Duke University is a private research university located in Durham, North Carolina, United States. Founded by Methodists and Quakers in the present-day town of Trinity in 1838, the school moved to Durham in 1892. The university's campus spans over 8,600 acres (35 km2) on three contiguous campuses in Durham as well as a marine lab in Beaufort. The total number of students at Duke University in Fall of 2014 was 14,850.
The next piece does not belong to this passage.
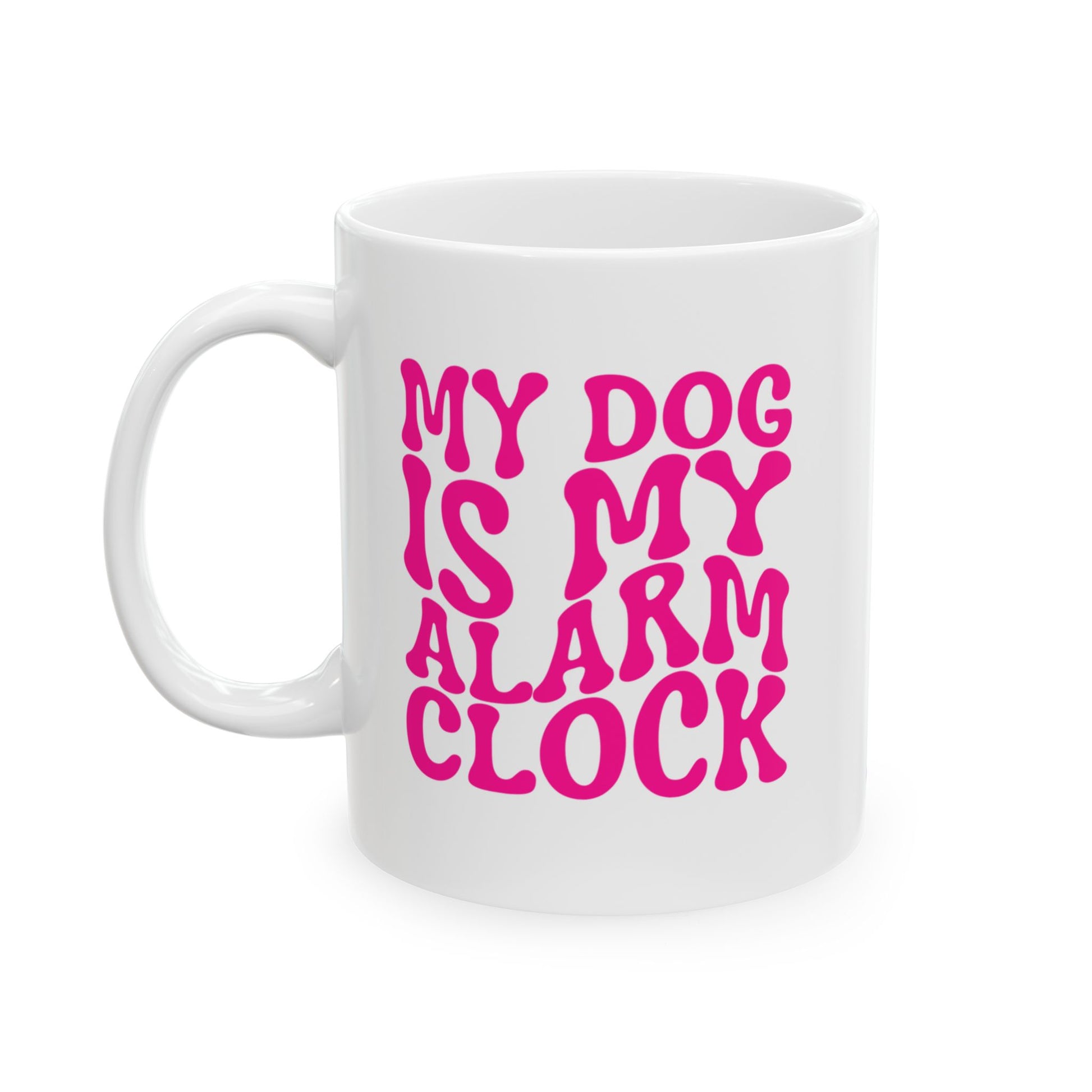 Enjoy your favorite beverages in style with this charming ceramic coffee mug. Featuring a whimsical design that reads "MY DOG IS MY ALARM CLOCK," this 11 oz mug is ideal for coffee, tea, or cocoa lovers alike. Crafted from BPA and lead-free ceramic, it ensures safety while being dishwasher and microwave safe for effortless cleaning and reheating.

Duke's research expenditures in the 2013 fiscal year were $993 million, the eighth largest in the nation. In 2014, Thomson Reuters named 32 Duke professors to its list of Highly Cited Researchers, making it fourth globally in terms of primary affiliations. Duke also ranks 5th among national universities to have produced Rhodes, Marshall, Truman, Goldwater, and Udall Scholars. 9 Nobel laureates, 3 Turing Award winners and 25 Churchill scholars are also affiliated with the university.
Schools and Colleges
Financial Aid
Duke is committed to a need-blind admission policy, which means it admits undergraduates without consideration of their families' ability to pay tuition and other college costs and meets 100 percent of students' demonstrated financial need for four years. About 50 percent of all Duke students receive some form of financial aid, which includes need-based aid, athletic aid and merit aid.